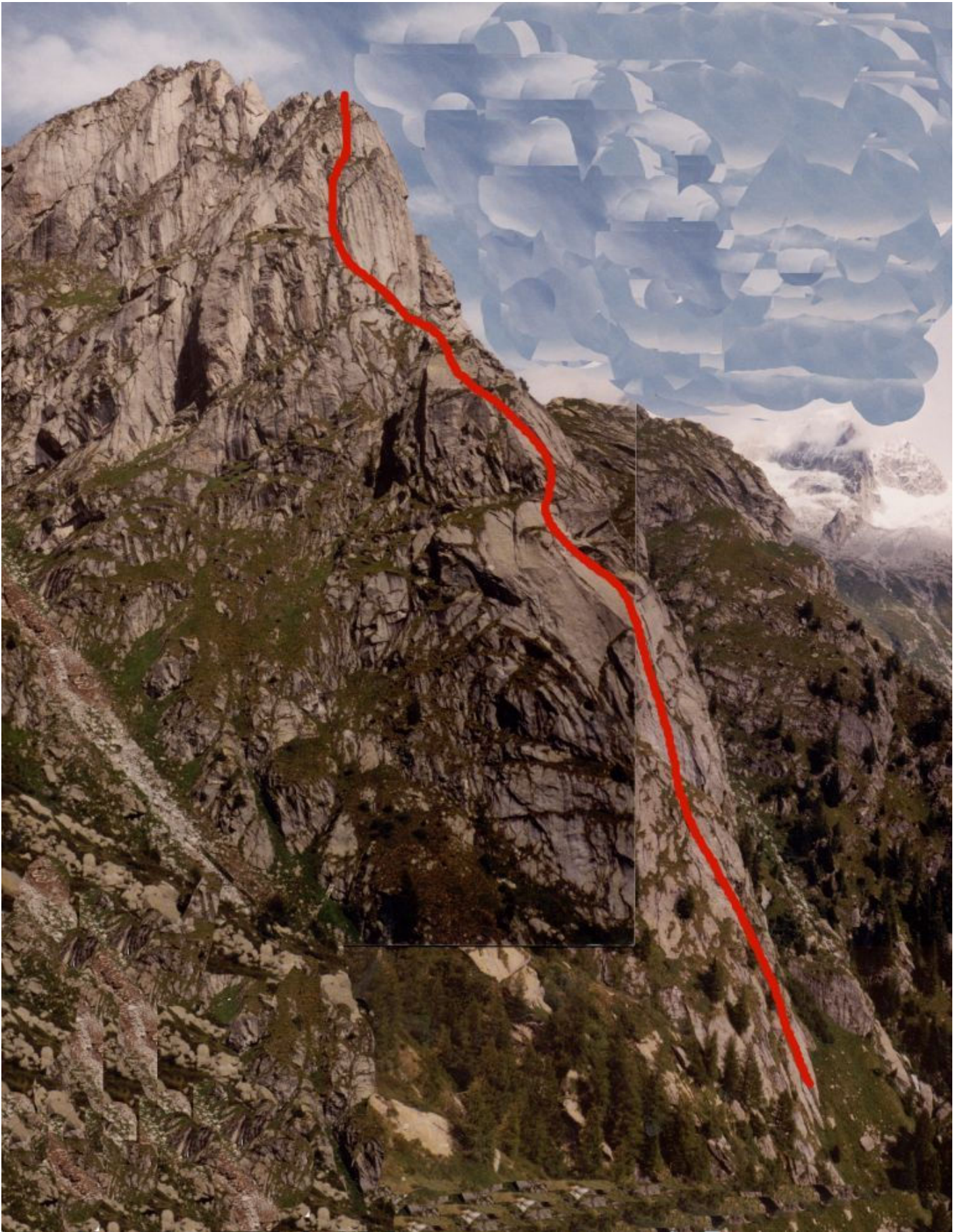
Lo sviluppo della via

──────

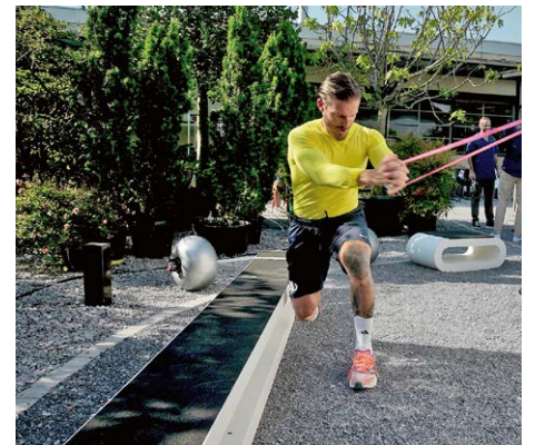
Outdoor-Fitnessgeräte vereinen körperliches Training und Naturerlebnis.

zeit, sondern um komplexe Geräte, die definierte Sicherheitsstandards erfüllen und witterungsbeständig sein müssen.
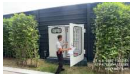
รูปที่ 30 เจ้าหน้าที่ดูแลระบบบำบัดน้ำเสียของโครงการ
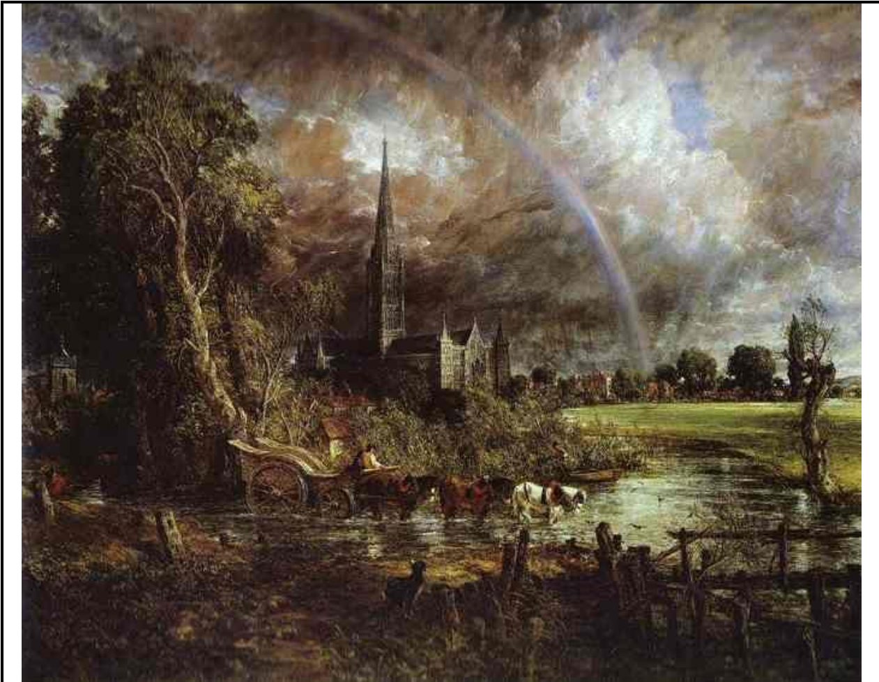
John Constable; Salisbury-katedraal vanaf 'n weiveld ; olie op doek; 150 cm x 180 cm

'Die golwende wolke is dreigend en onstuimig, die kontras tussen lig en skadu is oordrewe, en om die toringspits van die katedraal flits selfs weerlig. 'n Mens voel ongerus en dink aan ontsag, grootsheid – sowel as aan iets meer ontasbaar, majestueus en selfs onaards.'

──────

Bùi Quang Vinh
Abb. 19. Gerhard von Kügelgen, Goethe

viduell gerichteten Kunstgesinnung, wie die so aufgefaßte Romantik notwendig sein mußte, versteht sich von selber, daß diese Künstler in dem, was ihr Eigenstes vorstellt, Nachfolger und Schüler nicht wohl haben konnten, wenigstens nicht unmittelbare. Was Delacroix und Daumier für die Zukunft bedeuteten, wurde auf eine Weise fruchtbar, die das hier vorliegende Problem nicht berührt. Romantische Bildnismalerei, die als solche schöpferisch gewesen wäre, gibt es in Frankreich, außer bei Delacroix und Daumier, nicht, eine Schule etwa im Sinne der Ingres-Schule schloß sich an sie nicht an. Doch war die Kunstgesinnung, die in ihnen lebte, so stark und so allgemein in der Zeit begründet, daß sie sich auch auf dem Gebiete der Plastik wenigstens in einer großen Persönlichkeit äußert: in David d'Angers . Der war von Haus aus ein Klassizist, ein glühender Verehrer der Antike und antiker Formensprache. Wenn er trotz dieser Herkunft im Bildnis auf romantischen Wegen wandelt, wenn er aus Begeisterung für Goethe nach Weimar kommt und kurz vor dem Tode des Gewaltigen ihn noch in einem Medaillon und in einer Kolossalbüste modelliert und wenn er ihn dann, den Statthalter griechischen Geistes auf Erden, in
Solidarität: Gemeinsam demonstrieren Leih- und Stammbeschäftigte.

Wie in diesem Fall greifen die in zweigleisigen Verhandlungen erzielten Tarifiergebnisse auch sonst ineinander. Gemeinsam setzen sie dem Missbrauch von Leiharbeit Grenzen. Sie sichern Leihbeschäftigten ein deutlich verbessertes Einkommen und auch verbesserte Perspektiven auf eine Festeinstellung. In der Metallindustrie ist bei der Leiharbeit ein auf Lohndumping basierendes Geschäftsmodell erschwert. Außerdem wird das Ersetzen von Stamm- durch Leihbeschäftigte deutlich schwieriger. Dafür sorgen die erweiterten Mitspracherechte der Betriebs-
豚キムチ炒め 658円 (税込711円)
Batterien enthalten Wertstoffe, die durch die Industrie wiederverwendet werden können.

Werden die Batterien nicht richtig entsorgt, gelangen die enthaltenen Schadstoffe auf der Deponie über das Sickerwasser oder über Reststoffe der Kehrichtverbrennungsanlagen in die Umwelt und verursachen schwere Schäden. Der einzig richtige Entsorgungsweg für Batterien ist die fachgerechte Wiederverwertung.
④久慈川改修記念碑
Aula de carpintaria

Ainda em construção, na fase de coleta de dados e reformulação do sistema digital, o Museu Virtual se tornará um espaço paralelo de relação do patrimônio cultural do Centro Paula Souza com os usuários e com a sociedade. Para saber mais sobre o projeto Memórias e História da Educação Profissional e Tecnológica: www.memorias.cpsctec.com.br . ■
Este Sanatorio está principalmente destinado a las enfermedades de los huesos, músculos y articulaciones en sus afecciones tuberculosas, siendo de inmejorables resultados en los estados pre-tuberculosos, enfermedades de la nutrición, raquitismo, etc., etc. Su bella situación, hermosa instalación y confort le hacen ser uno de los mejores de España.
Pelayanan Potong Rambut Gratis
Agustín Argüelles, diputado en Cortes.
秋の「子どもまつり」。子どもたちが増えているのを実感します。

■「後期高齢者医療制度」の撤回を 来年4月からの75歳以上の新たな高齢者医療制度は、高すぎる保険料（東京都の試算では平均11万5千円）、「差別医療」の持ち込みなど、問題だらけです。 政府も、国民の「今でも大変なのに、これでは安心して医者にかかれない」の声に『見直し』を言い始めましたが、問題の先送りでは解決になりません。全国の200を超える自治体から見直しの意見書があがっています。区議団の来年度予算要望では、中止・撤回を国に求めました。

──────

• _Work item_
Transcribe the records above exactly, beginning at the line that contains "Solidarität: Gemeinsam demonstrieren" and ending with the line that contains "秋の「子どもまつり」。子どもたちが増えているのを実感します。", both included, and nothing else.

• _Written solution_
Solidarität: Gemeinsam demonstrieren Leih- und Stammbeschäftigte.

Wie in diesem Fall greifen die in zweigleisigen Verhandlungen erzielten Tarifiergebnisse auch sonst ineinander. Gemeinsam setzen sie dem Missbrauch von Leiharbeit Grenzen. Sie sichern Leihbeschäftigten ein deutlich verbessertes Einkommen und auch verbesserte Perspektiven auf eine Festeinstellung. In der Metallindustrie ist bei der Leiharbeit ein auf Lohndumping basierendes Geschäftsmodell erschwert. Außerdem wird das Ersetzen von Stamm- durch Leihbeschäftigte deutlich schwieriger. Dafür sorgen die erweiterten Mitspracherechte der Betriebs-
豚キムチ炒め 658円 (税込711円)
Batterien enthalten Wertstoffe, die durch die Industrie wiederverwendet werden können.

Werden die Batterien nicht richtig entsorgt, gelangen die enthaltenen Schadstoffe auf der Deponie über das Sickerwasser oder über Reststoffe der Kehrichtverbrennungsanlagen in die Umwelt und verursachen schwere Schäden. Der einzig richtige Entsorgungsweg für Batterien ist die fachgerechte Wiederverwertung.
④久慈川改修記念碑
Aula de carpintaria

Ainda em construção, na fase de coleta de dados e reformulação do sistema digital, o Museu Virtual se tornará um espaço paralelo de relação do patrimônio cultural do Centro Paula Souza com os usuários e com a sociedade. Para saber mais sobre o projeto Memórias e História da Educação Profissional e Tecnológica: www.memorias.cpsctec.com.br . ■
Este Sanatorio está principalmente destinado a las enfermedades de los huesos, músculos y articulaciones en sus afecciones tuberculosas, siendo de inmejorables resultados en los estados pre-tuberculosos, enfermedades de la nutrición, raquitismo, etc., etc. Su bella situación, hermosa instalación y confort le hacen ser uno de los mejores de España.
Pelayanan Potong Rambut Gratis
Agustín Argüelles, diputado en Cortes.
秋の「子どもまつり」。子どもたちが増えているのを実感します。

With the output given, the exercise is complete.